<<<<

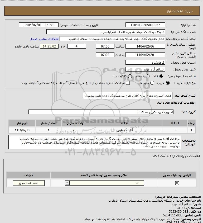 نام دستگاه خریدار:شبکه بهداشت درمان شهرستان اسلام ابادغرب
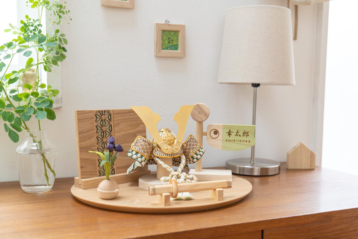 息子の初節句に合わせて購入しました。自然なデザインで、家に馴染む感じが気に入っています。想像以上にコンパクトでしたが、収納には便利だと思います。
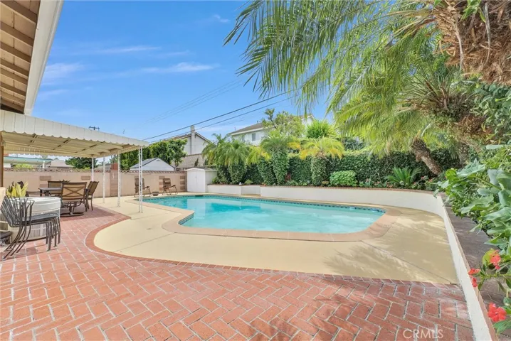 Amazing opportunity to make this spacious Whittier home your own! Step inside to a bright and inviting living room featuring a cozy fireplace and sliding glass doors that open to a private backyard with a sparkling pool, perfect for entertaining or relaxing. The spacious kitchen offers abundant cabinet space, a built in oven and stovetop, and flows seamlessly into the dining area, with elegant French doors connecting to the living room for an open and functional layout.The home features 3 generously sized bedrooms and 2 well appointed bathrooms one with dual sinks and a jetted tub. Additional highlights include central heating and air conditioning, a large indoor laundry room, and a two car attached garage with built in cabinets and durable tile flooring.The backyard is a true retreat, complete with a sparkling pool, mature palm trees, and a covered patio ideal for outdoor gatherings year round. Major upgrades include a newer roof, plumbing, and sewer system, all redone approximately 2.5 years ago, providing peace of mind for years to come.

>>>>
<<<<

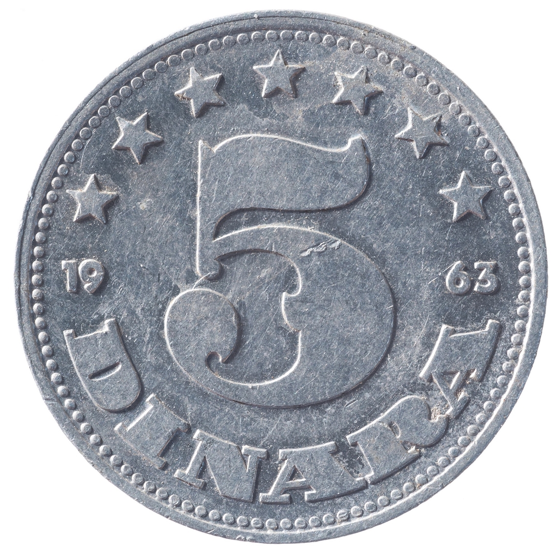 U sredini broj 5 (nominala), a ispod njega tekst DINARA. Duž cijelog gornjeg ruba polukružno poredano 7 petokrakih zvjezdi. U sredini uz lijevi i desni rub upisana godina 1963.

>>>>
<<<<

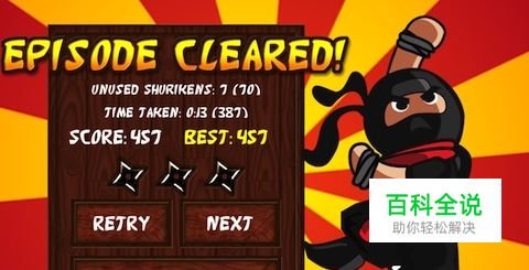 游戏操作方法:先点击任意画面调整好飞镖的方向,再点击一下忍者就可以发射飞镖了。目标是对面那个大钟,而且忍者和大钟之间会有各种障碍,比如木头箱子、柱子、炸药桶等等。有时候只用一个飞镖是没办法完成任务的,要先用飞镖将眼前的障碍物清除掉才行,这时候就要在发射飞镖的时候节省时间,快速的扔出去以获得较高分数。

>>>>

* [Exercise]: Please return the data above exactly as it stands from the line with "نام دستگاه خریدار:شبکه" to the line with "息子の初節句に合わせて購入し", keeping both of those lines but none of the pictures.

* [Output for this exercise]:
 نام دستگاه خریدار:شبکه بهداشت درمان شهرستان اسلام ابادغرب
 息子の初節句に合わせて購入しました。自然なデザインで、家に馴染む感じが気に入っています。想像以上にコンパクトでしたが、収納には便利だと思います。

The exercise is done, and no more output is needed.